The main systems under this architecture are: Kylin, Druid. Although both Kylin and Druid are predicative computing architectures, there are a number of differences between them.

Kylin uses the Cube method to conduct prediction (supporting SQL method). Once the model is determined, the cost to modify will be relatively large, and basically the whole Cube needs to be recalculated. Moreover, prediction is not carried out at any time, but according to a certain strategy, which also limits its requirements as a real-time data query.

Druid, on the other hand, is better suited for real-time computation and ad-hoc queries (SQL is not yet supported). It uses Bitmap as its primary indexing method, so it can quickly filter and process data, but it is less effective than Kylin in terms of performance for more complex queries.

Based on the above analysis, Kylin generally promotes offline OLAP engines with large data volumes, while Druid is a real-time OLAP engine with large data volumes.

Comparison of the three architectures

MPP architected systems: have good support for data volume and flexibility, but there is no guarantee of response time. As the amount of data and computational complexity increases, the response time can slow down, ranging from seconds to minutes, or even hours.

Search engine based systems: compared to MPP systems, they sacrifice some flexibility for better performance and can achieve subsecond response on search queries. However, with the increase of the amount of data processed, the response time will degrade to the minute level for the query based on scan aggregation.

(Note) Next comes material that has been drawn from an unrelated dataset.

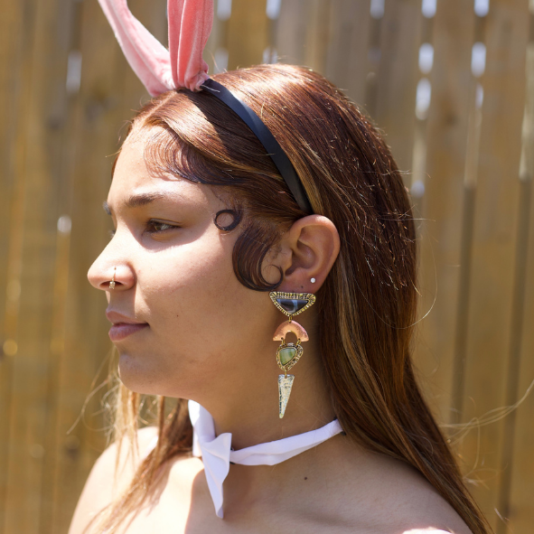 A wearable work of art. These handcrafted geometric earrings pair mixed shapes and natural-toned stones with distressed gold metal for a unique boho-luxury vibe. The tiered design adds movement and dimension, catching the light with every turn.

Predictive computing system: Pre-aggregates data at entry, further sacrificing flexibility for performance to achieve second-order response to large data sets.

Combined with the above analysis, the above three categories are: • Support for data volume increases from small to large; Flexibility increases from large to small; Performance increases from low to high as data volume increases

Therefore, we can consider based on the size of the actual business data volume, the requirements for flexibility and performance. For example, GP may be able to meet the needs of most companies, and Kylin can meet the needs of large amounts of data.

conclusion

Recently I read a sentence: “the key thinking of architecture design is judgment and choice, the key thinking of program design is logic and implementation”, I deeply agree with that!

In the future, our technical team will continue to explore the selection method of multi-dimensional analysis system, and discuss with you together, as always, to provide better service for you developers.